Drivers Love the Tech That'll Soon Power Self-Driving Cars

A J.D. Power survey found the best-liked features are the ones that lighten the burden of driving.
Cadillac quotSuper Cruisequot
Cadillac

We're still a few years from having cars that drive themselves at least some of the time, but automakers offer adaptive cruise control, automatic collision avoidance, lane keeping, and other systems crucial to building consumer confidence in autonomous technology.

The good news for those working overtime to take our hands off the steering wheel is people love this stuff.

A J.D. Power survey found the automotive features consumers like best are those that ease the burden of driving. Collision mitigation, night vision, and blind spot detection topped the list because they improve safety and minimize risk.

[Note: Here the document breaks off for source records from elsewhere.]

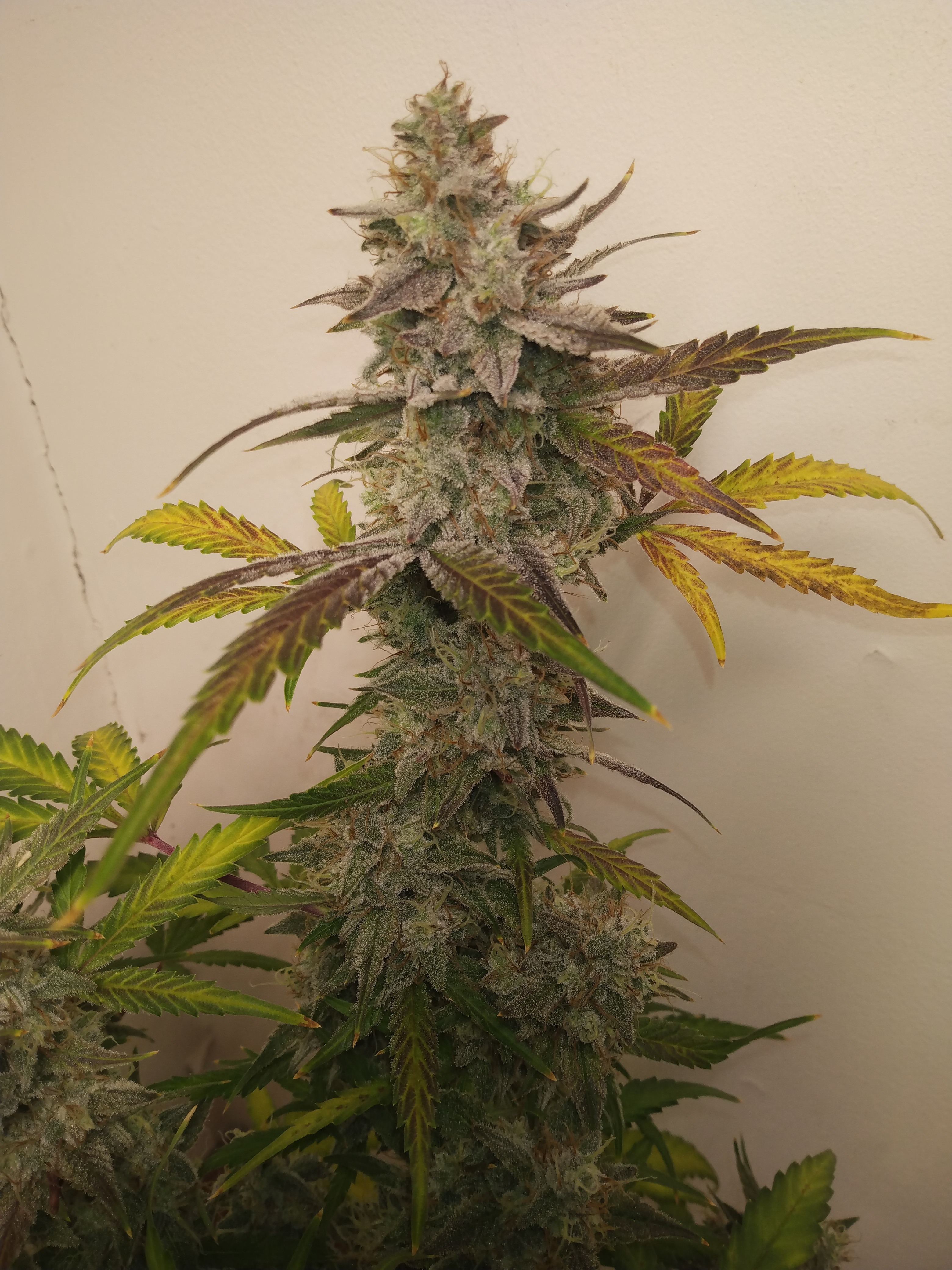 Oh y'all wanna see frost? Double grape was without a doubt the greasiest weed I've ever grown. She was a no brainier for a cross. I've had two phenos with her consistantly. The indica leaning golf ball nugs with the fruit/sour smell and the sativa leaning piney/ citrusy donkey dick buds. Chose the latter for my experiment. The few I've grown out have been surprisingly consistent in structure for an F1.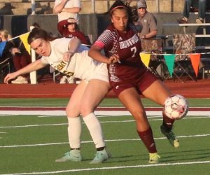 Brownwood's Robbie Robinson (sliding) had two hits and two runs batted in Friday in the Lions' 5-4 win over Burleson. (Steve Nash / Brownwood Bulletin).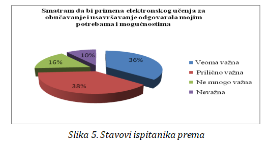 Na osnovu navedenog smatramo da su stavovi ispitanika prema e- učenju pozitivni i povoljni za njegovo integrisanje u proces obučavanja i podučavanja zaposlenih.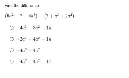 Thus, the difference of (6a^2 − 7− 3a^3) − (7 + a^3 + 2a^2) is 4a^2 - 4a^3 - 14

Rearview cameras (which make it easier to see behind you) and self-healing paint (very cool, and a money saver) rounded out the top five gadgets people love.

The study surveyed 5,300 consumers who bought or leased a new car in the past five years. It asked about 59 in-car technologies covering navigation, entertainment, connectivity, energy efficiency, and driver assistance. The high preference for driver assistance tech was common across all ages.

Consumers are seeing the benefit of such systems and are gaining confidence in them, says Kristin Kolodge, executive director of driver interaction & human-machine interface at J.D. Power. Things drivers don't care about so much? Gesture-control, biometric driver sensors, and haptic touch screens.

To see how the desire for a system that hits the brakes in an emergency translates to wanting a car that does all the work, the study asked respondents about their interest in fully autonomous, semi-autonomous (the car's in charge, but the human must be ready to take over), and traffic jam assist (the car handles itself at slow speeds). "The full self-driving system performed the highest out of those three, from a preference perspective," Kolodge says.

Break the numbers down by age, though, and that changes a bit. Generation Y respondents (born between 1977 and 1994) had the most interest in full automation, while pre-boomers (born before 1946) went for traffic jam assist. That makes sense: Younger people naturally tend to be more interested in and open to new technology.

But that doesn't mean older drivers---who may have the most to gain from autonomous tech, as it could keep them moving longer---won't change their minds. "The interest that we're seeing in these collision prevention technologies," Kolodge says, means that customers will get used to them, and start to trust them. "We're gonna continue to see this path more and more toward self-driving, because they are building that level of trust."